The waist of green rocks of NuVvuagittuq, Canada, can contain the oldest rocks in the world
For many years geologists have been struggling if a rock formation in Canada contains the oldest rocks in the world. Now new measurements have shown yes.
Just over four billion years ago, the magma of the Earth’s cloak has infiltrated a fracture of the Young planet’s primordial crust.
Over the next ages, almost all the rest of the planet’s primitive crust melted back to the cloak, except a small area around this fracture, which Survives to this day in Canada.
A study this Thursday at Science came to certify the theory that the last traces of the primitive terrestrial crust are accessible to the surface as part of the Nuvvuagittuq Greenstone Belt – A training on the coast of Hudson Bay.
The debate on these mysterious rocks was released by the same researchers in 2008, in a study that estimated that the rocks surrounding the intrusion are about 4.3 billion years – which would make them the oldest in the world.

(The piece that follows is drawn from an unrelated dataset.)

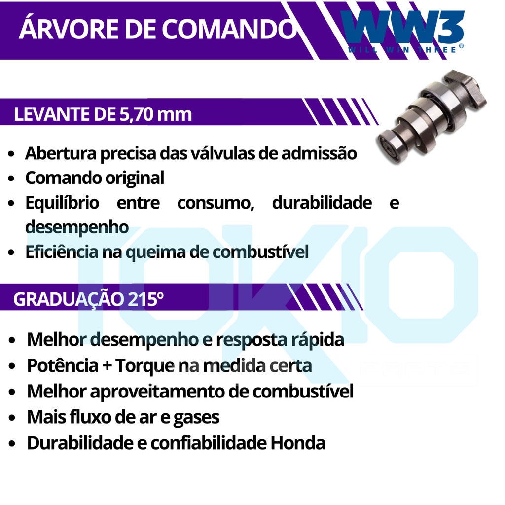 ARVORE COMANDO WW3 CG 160 - BROS 160 - XRE 190- GRADUAÇÃO 215° As árvores de comando WW3 são amplamente reconhecidas no mercado nacional pela sua excelente qualidade e alto desempenho. Fabricadas com materiais de alta resistência e submetidas aos mais avançados processos de tratamento térmico, essas peças garantem precisão nas medidas e eficiência em diferentes faixas de rotação – desde as mais baixas até as mais elevadas. Garanta o melhor desempenho para sua moto com a Árvore de Comando desenvolvida para oferecer precisão, resistência e longa vida útil. Fabricada com materiais de alta qualidade, ela proporciona a abertura e fechamento correto das válvulas, resultando em: Maior desempenho do motor Funcionamento suave e confiável Durabilidade e resistência ao desgaste Substituição perfeita, sem adaptações. COMPATIBILIDADE: HONDA BROS 160 2015 EM DIANTE HONDA CG 160 2015 EM DIANTE XRE 190 2016 EM DIANTE CARACTERÍSTICAS: GRADUAÇÃO: 215° LEVANTE: 5,7mm Fabricado com matéria-prima de alta qualidade; Produto testado e aprovado pelos engenheiros e mecânicos; Matéria prima de alta qualidade o que permite longa vida útil ao produto; Rigoroso controle de qualidade, com alta resistência e máxima durabilidade; OBS: Recomendamos mão de obra especializada ---------------------------------- - Envio no máximo em 24 horas úteis. - Produto 100% original. - Devolução sem custo para o cliente (dentro do prazo de 7 dias ou em caso de garantia).
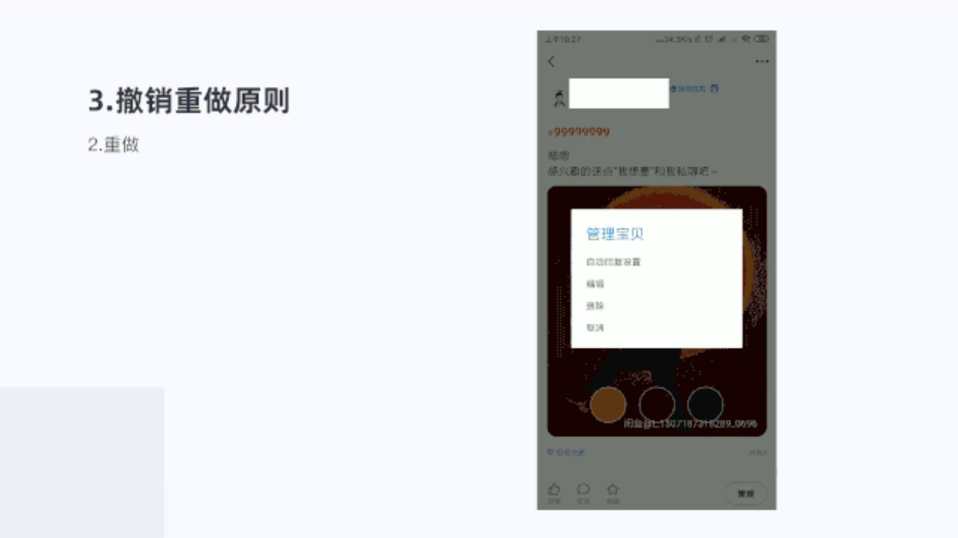 就是用戶(hù)撤銷(xiāo)上一步,又反悔了要到之前哪一步;或者用戶(hù)操作完成發(fā)布又反悔了重新發(fā)布,滿(mǎn)足用戶(hù)充足的反悔余地,給予用戶(hù)對(duì)產(chǎn)品的信心和控制感。

With this age, they would have formed during the eon hadeanoonly a few hundred millions of years after the planet itself.
However, as it recalls, the method used by researchers to date the rocks made the age of 4.3 billion controversial years. As mentioned, to the same magazine, Richard Walkerfrom the University of Maryland, most of the community that studies the early days of the land was not convinced.
But now the investigators have told the neodymium and samarium isotopes in rocks that intrude on the layer that think they are 4.3 billion years old. By definition, such intrusions are younger than the strata around them. Therefore, the dating of the intrusion would establish a minimum age for the surrounding rock.
In intrusion, unlike the older rock than surrounds it, the two clocks tell the same story: Rock is about 4.16 billion years. This supports the idea that the surrounding rock formed during the eon hadeanowhat would you do to her the only known trace of the Earth’s primitive crust.